What this post is going to do is take the question seriously. That means looking at the best answers Christian thinkers have developed over two thousand years. It means naming where those answers help and where they don’t reach. And it means pointing to the one response to suffering that is not a philosophical argument — because in the end, the Christian answer to suffering is not primarily an explanation. It’s a person.

Why the Question Hits So Hard

The problem of suffering is not just an intellectual puzzle. It’s a test of something deeper.

When a man encounters suffering — his own or someone else’s — something in him demands that it mean something. Not just that it be explained, but that it matter, that there be some account of it that holds. The fact that we demand this is itself significant. A universe that is purely physical, governed only by blind processes, does not produce that demand — it produces organisms that feel pain and try to avoid it. The demand for meaning is something more.

Philosophers distinguish between two versions of the problem:

  • The logical problem: God and suffering are logically incompatible — they cannot both exist. If God is all-powerful, all-knowing, and all-good, then suffering’s existence proves he doesn’t. This version of the problem has largely been conceded even by leading atheist philosophers. Alvin Plantinga’s free will defense demonstrated that there is no logical contradiction between God’s existence and the existence of evil, because a world with genuine freedom may necessarily include the possibility of suffering.
  • The evidential problem: Even if God and suffering are not logically incompatible, the sheer amount and distribution of suffering in the world makes it unlikely that a good God exists. Why so much? Why childhood cancer? Why genocide? Why do the good die young and the wicked prosper? This version is harder, and more honest theistic thinkers don’t dismiss it easily.

Both deserve serious engagement. Let’s look at the main responses — and then at what lies underneath them all.

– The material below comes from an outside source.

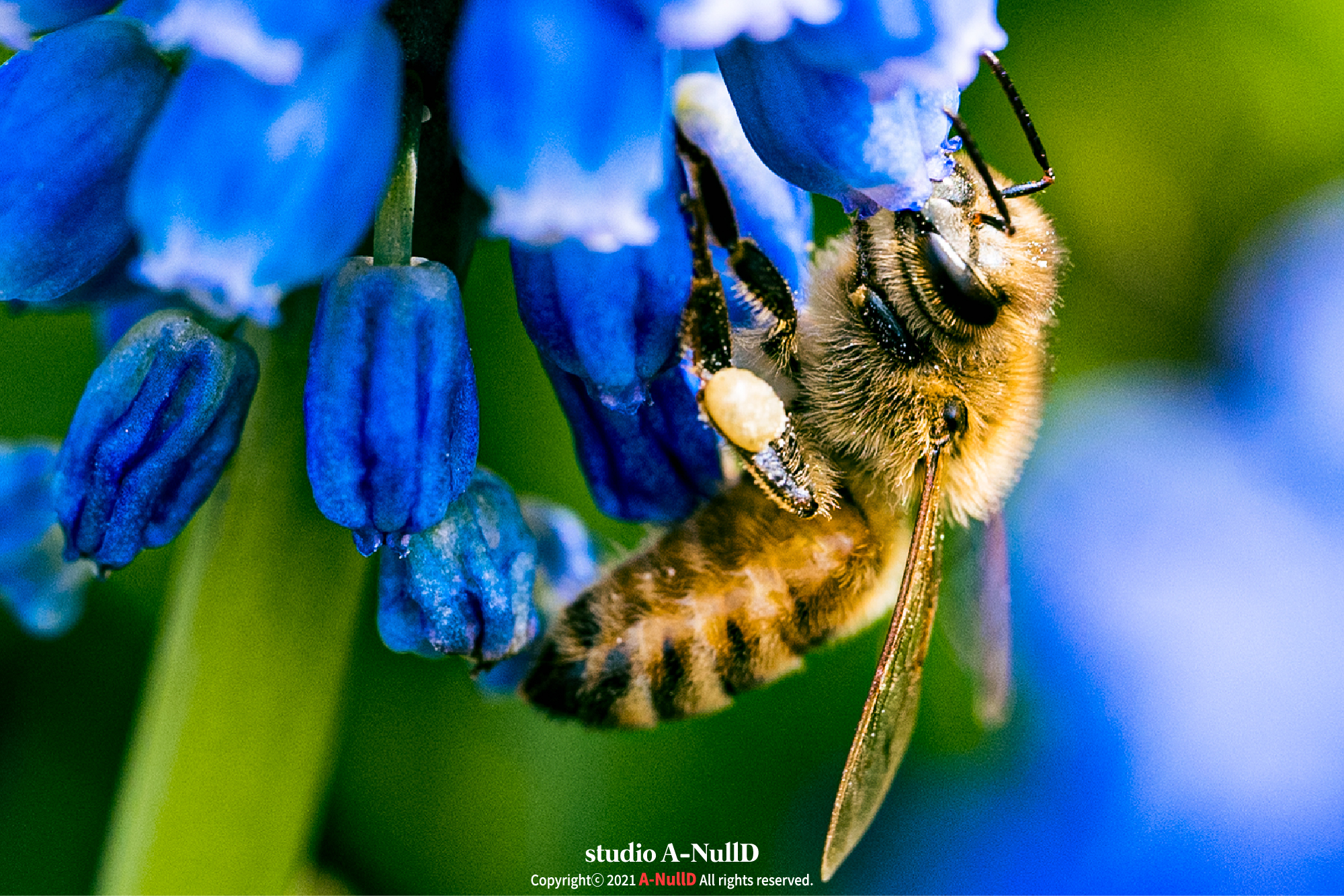 꿀벌 다리에 열심히 꽃가루를 모아... ...

What Doesn’t Help: Answers That Are Worse Than Silence

  • “Everything happens for a reason.” This is usually meant kindly and is sometimes true — but as a blanket statement it is not biblical and not honest. The book of Job directly contradicts it. Job suffers not because of anything he did or anything God needed him to learn, but as part of a cosmic drama Job doesn’t know exists. Sometimes things happen and the reason is not available to the person suffering. Telling a man otherwise when he is in it is a disservice.
  • “God needed another angel” / “They’re in a better place now.” Well-intentioned. But “God needed another angel” is not Christian theology — people do not become angels at death — and while Christians do believe in life after death, turning the fact of death into a comfort before a person has processed the loss is a way of avoiding the loss rather than sitting in it.
  • “Your faith isn’t strong enough.” This is arguably the cruelest response. It turns suffering into evidence of personal failure and places the burden on the person already under weight. Jesus never said this to the people he encountered in their pain. The disciples asked whether a man’s blindness was caused by his sin or his parents’ sin. Jesus said neither (John 9:3).
  • “God is teaching you something.” Sometimes this is true. The Bible does speak of suffering producing perseverance and character (Romans 5:3–4). But offered too quickly, before the wound is even acknowledged, this turns God into a cosmic teacher whose curriculum requires a child’s death. It may be part of the picture; it is not the whole picture and it is rarely helpful as an opening line.
  • “Just trust God.” True as a destination. Useless as an answer to a specific question about specific pain. The Psalms don’t do this. Job doesn’t do this. Lamentations doesn’t do this. The Bible is full of people who push back hard on God before they arrive at trust — and God doesn’t rebuke them for the pushing. He engages it.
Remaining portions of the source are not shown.